Человек в углу пощелкал по бокалу, положил и разгладил на скатерти серенькую бумажку, сдачу не взял, вместе с дамой растаял во мгле двери. Оркестр румын послал им вслед несколько чувствительных вздохов. Собутыльник мой задумчиво озирал пивную.
— Но если угодно вам прослушать поистине удивительную историю… гражданин человек! Еще пару пива!.. Извините, это мое дело, я угощаю. Так вот! Сплошной Альфонс Доде! Изволите видеть этого красавца, который на эстраде сейчас изображает всякие штуки? Все представляет, начиная от гудения примуса и кончая голосом любого из публики! Ничего не поделаешь. Жена, дети! Подрабатывает. Так с ним случилось недавно необычайное происшествие. Вы, может быть, недовольны, что я похищаю у вас время, а следовательно, деньги?
— Пожалуйста, наоборот, очень приятно!..
— Даже приятно? Тем лучше! Правда, сюжетцы прелюбопытные.
После сеанса, когда пивная почти уже опустела, подходит к нему некий человек такого княжеского вида и предлагает пива… очень, говорит, высоко ценю ваше искусство. Сели. Выпили. Вдруг этот самый князь и говорит: «Хотите, — говорит, — заработать сто золотых монет? Не бумажных, а настоящих, с изображением Николая Кровавого?» Еще бы не хотеть! Мой артист еще из ума не выжил. Князь ему говорит: главное, иметь желание заработать. Желание есть? Отлично. Дело, говорит, в следующем: у меня есть отец, впавший в слабоумие на почве потери горячо любимого сына. Убит на деникинском фронте — белый офицер. Отец после смерти моего брата не ест и не пьет, все ждет переворота, Уверен, что тогда и сын его вернется.
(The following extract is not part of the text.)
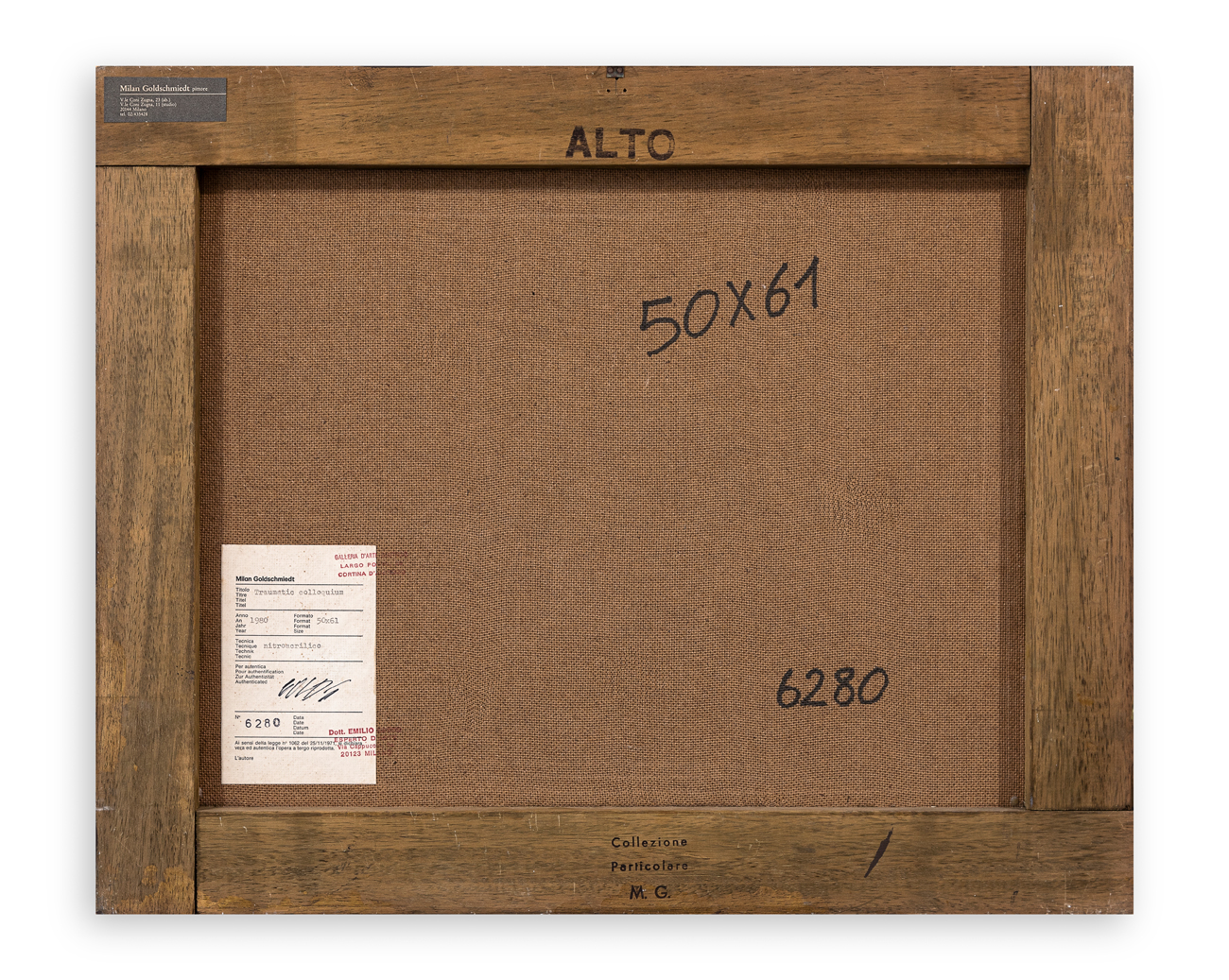 Timbro ed etichetta dell'Artista, recante firma, titolo, tecnica, misure, datazione e numero di repertorio, al retro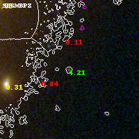 Object #2036   x,y = (3046, 2551)   RA, Dec = (08:42:56.520, 36:21:54.36) = (130.73550, 36.36510)   BPZ = 4.209 [4.008--4.322]   type = 8.10 (SB1_B10 - SB2_B10)   chisq2 = 0.09   ODDS = 0.98   z_cluster = 0.282

Артист в недоумении: «Я-то тут при чем?»
— При очень даже многом! Перед самой революцией отец в нашей усадьбе бывшей зарыл в землю ящик и в нем три тысячи небезызвестных каждому желтых кругляков. Знаем, что зарыл около одной липы, но лип там до пятидесяти с каждой стороны аллеи… Парк не вспашешь! Колхоз засел. Старик же никому сказать не хочет. Это, говорит, для Пети, Петя вернется после переворота и все получит. Вы, говорит, предатели, вы, говорит, из моей подкладки бантиков понаделали (мой отец генерал отставной), а Петя голову хотел сложить за монархическую идею! Теперь взгляните на эту карточку.
Мой артист посмотрел — он сам! Только усы длинные и гусарская форма.
— Понимаете, в чем дело? Мы вас оденем в гусарскую старую форму, подгримируем, и вы явитесь к отцу… А мы подготовим почву относительно переворота, чтобы старик не слишком потрясся. Врите что угодно! А потом намекните относительно денег. Нужны, мол, для поддержания престола и отечества. Он скажет, где, что, мы и откопаем. От Москвы двадцать верст… Управляющий знаком.
Артист, конечно, взволновался. Заманчиво. Сто золотых при растущей дороговизне и падении знаков! Поразмыслил — как будто подлость! Попросил двести. Сошлись на полутораста.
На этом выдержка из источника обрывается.